As for you, you were dead in your transgressions and sins, in which you used to live when you followed the ways of this world and of the ruler of the kingdom of the air, the spirit who is now at work in those who are disobedient. All of us also lived among them at one time, gratifying the cravings of our flesh and following its desires and thoughts. Like the rest, we were by nature deserving of wrath. But because of his great love for us, God, who is rich in mercy, made us alive with Christ even when we were dead in transgressions—it is by grace you have been saved. And God raised us up with Christ and seated us with him in the heavenly realms in Christ Jesus, in order that in the coming ages he might show the incomparable riches of his grace, expressed in his kindness to us in Christ Jesus. For it is by grace you have been saved, through faith—and this is not from yourselves, it is the gift of God—not by works, so that no one can boast. (Ephesians 2: 1-9)

Looking back on my life, I can easily recognize the peace that comes with daily prayer and time with scripture. This past week my roommate, Akin, has helped me wake up on time to go to morning prayer with my community. I found those mornings to be joyful and life giving. Before the quarantine, I had been part of the young adult Sunday school at Grace UMC in Ruston, where I came to a surprising realization: I felt at peace with those around me. One might ask, “Isn’t gathering with other believers always joyful, or at the very least pleasant?” In the past, Sundays have often been stressful for me. Before coming to Grace, I was hyper-aware of how I was presenting myself at church. I was holding myself to some illusory standard that I had to meet for everyone. I was a mess who was trying to make sure no one found out about the garbage I had hidden. I noticed a similar change in attitude toward my mission meetings we had this past year. I was excited again and no longer anxious for each weekly meeting as I had been while preparing for trips in the past.
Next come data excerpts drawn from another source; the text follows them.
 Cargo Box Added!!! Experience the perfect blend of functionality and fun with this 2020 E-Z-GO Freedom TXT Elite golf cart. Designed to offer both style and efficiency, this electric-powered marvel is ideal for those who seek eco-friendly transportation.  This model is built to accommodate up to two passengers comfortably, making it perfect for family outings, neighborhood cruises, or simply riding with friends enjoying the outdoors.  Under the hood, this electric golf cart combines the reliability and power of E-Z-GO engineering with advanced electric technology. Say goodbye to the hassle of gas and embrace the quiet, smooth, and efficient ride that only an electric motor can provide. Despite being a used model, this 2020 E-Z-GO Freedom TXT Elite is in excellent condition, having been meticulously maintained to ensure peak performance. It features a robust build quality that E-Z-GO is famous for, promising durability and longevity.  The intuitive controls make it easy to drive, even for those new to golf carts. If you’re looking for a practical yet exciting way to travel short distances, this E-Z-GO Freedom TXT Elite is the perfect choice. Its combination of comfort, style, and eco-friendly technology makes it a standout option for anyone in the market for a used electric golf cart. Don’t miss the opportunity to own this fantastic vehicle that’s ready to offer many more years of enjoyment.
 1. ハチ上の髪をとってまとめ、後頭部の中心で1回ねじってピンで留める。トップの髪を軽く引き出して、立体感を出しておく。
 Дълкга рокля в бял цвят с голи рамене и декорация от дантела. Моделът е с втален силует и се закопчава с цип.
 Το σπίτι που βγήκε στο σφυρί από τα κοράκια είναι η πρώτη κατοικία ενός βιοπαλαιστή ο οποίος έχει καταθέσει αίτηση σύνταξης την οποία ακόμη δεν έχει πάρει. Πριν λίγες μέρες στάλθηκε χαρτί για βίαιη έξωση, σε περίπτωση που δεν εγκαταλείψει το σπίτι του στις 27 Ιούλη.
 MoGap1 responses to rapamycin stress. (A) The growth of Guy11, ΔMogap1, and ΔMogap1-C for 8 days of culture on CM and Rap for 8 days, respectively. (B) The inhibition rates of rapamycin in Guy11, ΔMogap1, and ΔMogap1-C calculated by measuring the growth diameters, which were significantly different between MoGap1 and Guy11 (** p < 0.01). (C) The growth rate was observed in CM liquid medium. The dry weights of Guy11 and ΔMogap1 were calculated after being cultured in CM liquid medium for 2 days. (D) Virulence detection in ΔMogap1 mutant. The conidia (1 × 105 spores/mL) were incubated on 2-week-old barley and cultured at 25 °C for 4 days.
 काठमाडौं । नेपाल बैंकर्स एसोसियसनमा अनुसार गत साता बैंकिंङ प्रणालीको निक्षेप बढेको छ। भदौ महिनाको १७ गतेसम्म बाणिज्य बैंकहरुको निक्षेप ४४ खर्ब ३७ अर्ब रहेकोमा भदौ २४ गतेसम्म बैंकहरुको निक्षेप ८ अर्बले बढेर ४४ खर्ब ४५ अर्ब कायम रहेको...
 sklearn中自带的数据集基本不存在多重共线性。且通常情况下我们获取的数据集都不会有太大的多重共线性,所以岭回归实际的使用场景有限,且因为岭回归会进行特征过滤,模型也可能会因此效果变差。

          So, what changed? I finally began to take steps to expose and uproot the habitual sin in my life in radical ways that I had not taken before. One of the most powerful tools Satan can use against us is fear, causing us to isolate ourselves and hide our sin in shame. When I began to confess my sin to others, I was met with grace where I feared judgement. With the help of others, I endeavored to remove temptation and not exclude myself from the community of believers as was my habit. In taking steps to actively seek out repentance, I found a peace I had not felt around other believers in quite some time. I am a sinner redeemed by God’s grace. I am not perfect, but I continue to strive toward Christ’s example. Before, I halfheartedly approached repentance, only half listening to what my friends and mentors had told me. I would have saved myself so much time, stress, and grief if I had listened to the wisdom they had for me in the first place. Sin, at its core, is a turning away from God’s grace. Believing that God’s grace is sufficient, and that in it is where actual happiness can be found, is a freeing thought.

          This chapter of Ephesians comforts me because we are told exactly what kind of base creatures we are while living in sin. In truth, we were all there and are still attached to our creaturehood. Time and time again, I am met with grace that I do not deserve or have power to control. It is not a finite resource that I can exhaust because it comes from God the Father and not myself. Reading this passage, I feel known and secure. Falling into sin does not mean you have failed in the eyes of God, but it is rather an occasion to overcome earthly attachments and know His love and mercy. Let us not forsake one another in confession and prayer and choose to isolate ourselves in sin. May you find mercy as we continue to run this race together.